■ **ACTION ITEM**
The entries below contain pictures. Write out only the lines from the line with "אזל המלאי |" up to and including the line with "早上8点半,庆祝开业的鞭炮声", exactly, without them.

■ **DATA UNDER STUDY**
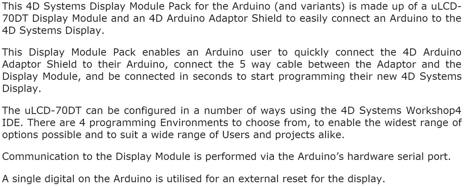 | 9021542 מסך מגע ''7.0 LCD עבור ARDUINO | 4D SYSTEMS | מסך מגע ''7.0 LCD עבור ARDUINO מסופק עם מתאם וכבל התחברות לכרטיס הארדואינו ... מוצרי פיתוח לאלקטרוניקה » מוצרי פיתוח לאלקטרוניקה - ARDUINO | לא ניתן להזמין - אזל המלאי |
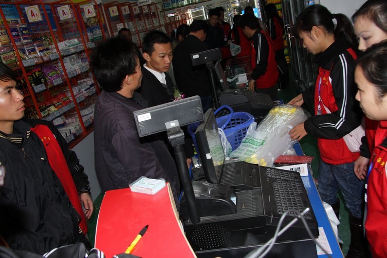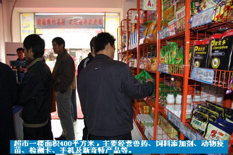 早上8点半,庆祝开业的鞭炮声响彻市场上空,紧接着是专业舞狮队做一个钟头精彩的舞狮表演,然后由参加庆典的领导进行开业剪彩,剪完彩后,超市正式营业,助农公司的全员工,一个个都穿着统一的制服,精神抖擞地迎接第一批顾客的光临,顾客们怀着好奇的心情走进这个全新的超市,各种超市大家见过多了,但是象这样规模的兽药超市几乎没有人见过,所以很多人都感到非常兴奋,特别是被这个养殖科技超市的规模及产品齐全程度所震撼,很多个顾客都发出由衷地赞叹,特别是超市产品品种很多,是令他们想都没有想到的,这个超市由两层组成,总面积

* * *

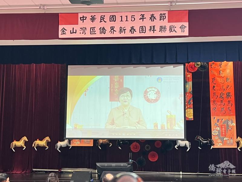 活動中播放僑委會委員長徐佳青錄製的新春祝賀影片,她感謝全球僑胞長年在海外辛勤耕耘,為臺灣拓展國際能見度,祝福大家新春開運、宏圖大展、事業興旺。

* * *

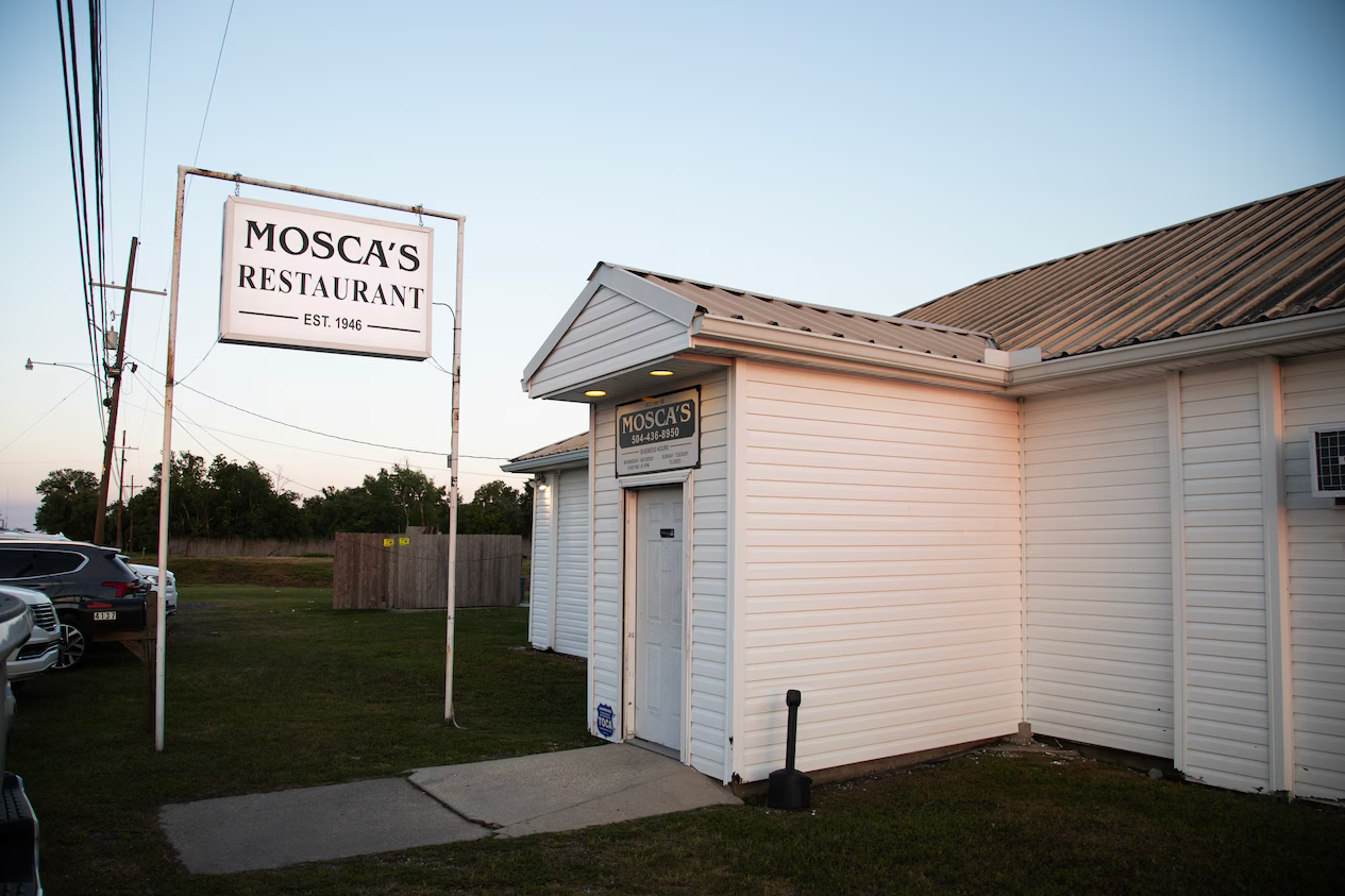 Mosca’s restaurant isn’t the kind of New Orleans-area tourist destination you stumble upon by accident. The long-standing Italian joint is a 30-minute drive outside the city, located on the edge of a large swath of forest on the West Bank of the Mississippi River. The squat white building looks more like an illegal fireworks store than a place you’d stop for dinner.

■ **RESULT**
 | 9021542 מסך מגע ''7.0 LCD עבור ARDUINO | 4D SYSTEMS | מסך מגע ''7.0 LCD עבור ARDUINO מסופק עם מתאם וכבל התחברות לכרטיס הארדואינו ... מוצרי פיתוח לאלקטרוניקה » מוצרי פיתוח לאלקטרוניקה - ARDUINO | לא ניתן להזמין - אזל המלאי |
 早上8点半,庆祝开业的鞭炮声响彻市场上空,紧接着是专业舞狮队做一个钟头精彩的舞狮表演,然后由参加庆典的领导进行开业剪彩,剪完彩后,超市正式营业,助农公司的全员工,一个个都穿着统一的制服,精神抖擞地迎接第一批顾客的光临,顾客们怀着好奇的心情走进这个全新的超市,各种超市大家见过多了,但是象这样规模的兽药超市几乎没有人见过,所以很多人都感到非常兴奋,特别是被这个养殖科技超市的规模及产品齐全程度所震撼,很多个顾客都发出由衷地赞叹,特别是超市产品品种很多,是令他们想都没有想到的,这个超市由两层组成,总面积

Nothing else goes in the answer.